THE MSHINI BLOG
Clearing your cache is critical
In the world of technical support, there’s an often-repeated joke which everyone knows. “Did you turn it off and on again?” It’s funny because, not only does it sound too simple, but it fixes plenty of problems as if by magic. With any web content that is live at all times, turning the whole server off and on again isn’t an option. Not only will it often not fix the issue, but it will also disconnect everyone else on that server. However, like with other computer issues, there is a solution so simple most people don’t believe it works. Clearing your cache.
Cache (kæʃ) noun – 1. Computers. A temporary storage space or memory that allows fast access to data.
Most modern computers and software use some sort of cache to speed up their operation. It’s a neat little workaround that solves many issues when accessing data. Rather than requesting the same information from stored memory every time the system needs it, the cache is a smaller and easily accessed partition which can store the most commonly used files.

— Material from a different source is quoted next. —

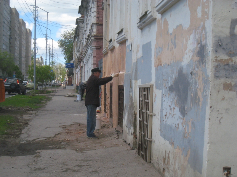 Двое пожилых мужчин орудовали кистями у домов на четной стороне улицы. На вопрос, будут ли ремонтировать фасады, один из них ответил, что нет. «Я понимаю, что так не делается. Но нам дали задание, мы его делаем», - сказал рабочий.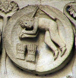 Détails sur la voussure supérieure du tympan (signes astrologiques et mois de l'année) :

Let’s look at one of the most common examples of cache you use every single day; your browser cache. If you go to Wikipedia every day to look up articles, your browser will query the server the first time it accesses the website and pulls all the content to your local machine.
The next time you access the page, it will only pull changed data from the server itself, such as article updates and pages you have not accessed before. However, it will not pull everything from the website every time. It will display things like the stylesheet of the page and any common images (such as logos, icons, and backgrounds) from the browser’s cache, which is stored somewhere on your computer. Using this flow dramatically reduces bandwidth usage for both you and the web host of the page you’re accessing, plus it has the added benefit of making the page load much faster than if you had to load the same content every time.
Cache (kæʃ) noun – 2. A hiding place. Commonly in the ground, for ammunition, food, treasures, etc.
The downside to this process is that most people don’t even know this process is happening. From our experience, most people just assume that loading a site the hundredth time is the same as the first. And without that knowledge, when their site suddenly acts up when they view it, there’s the assumption that their website is broken for every visitor.
What is likely happening is that there has been a change to the site that has made one of the cached objects obsolete. Your browser, trying it’s best to provide you with the fastest experience possible, is then using a mismatched collection of old and new content. This has the effect of breaking the site when using it on your current device but will show the correct information on a device that has never browsed to the site before.
Clearing your cache allows whatever is using that cache to pull the most up-to-date information to the process using it.
Hiding ( ˈhaɪ dɪŋ) noun – a secret refuge or means of concealment.
Clearing your browser cache is usually hidden deep in its settings. And even when the average person stumbles on the option to clear the cache, they don’t know what the effect will be, so they leave it alone in fear of breaking something.
However, clearing your cache allows your browser to display the most up-to-date version of any site you visit. It won’t have any effect on the content of the server, only the device you are accessing the site from. You may experience a slight slowdown to the first visit of every site you access as your browser builds a new cache, but your subsequent visits will be back to lightning fast.
If you would like to clear your cache, there’s an excellent guide to almost every device at CLEAR MY CACHE.
Stockpile (ˈstɒkˌpaɪl) noun – A large supply gathered and held in reserve for use during a shortage or during a period of high demand.
In a similar way to how your browser operates, Mshini makes use of server-side caching to speed up your WordPress installation. Rather than forcing the server to pull information from the database every time someone browses a page, the server-side caching will make a static template of the database on the server itself so that it displays information much faster without having to make additional and unnecessary queries.
The benefit to you is that your site is faster, while we benefit by having a server with much lower processing loads. However, much like the browser cache example, if there are changes to the database there is a chance that the cache will not update correctly. This can lead to a range of issues from missing pictures to errors that prevent displaying the page at all.
That’s why we recommend that, whenever you are committing any changes to your site, you clear the cache on the server as well. We have an article explaining exactly how to do that on our Knowledge Base.
Conclusion (kənˈklu ʒən) noun – the end or close; final part.
We cannot promise that this is the solution to every problem, but like restarting your computer, clearing your cache is a fantastic start to troubleshooting any website-related issue. By doing so, you ensure that you are looking at the most recent version of the site and that any changes made in the background are being displayed.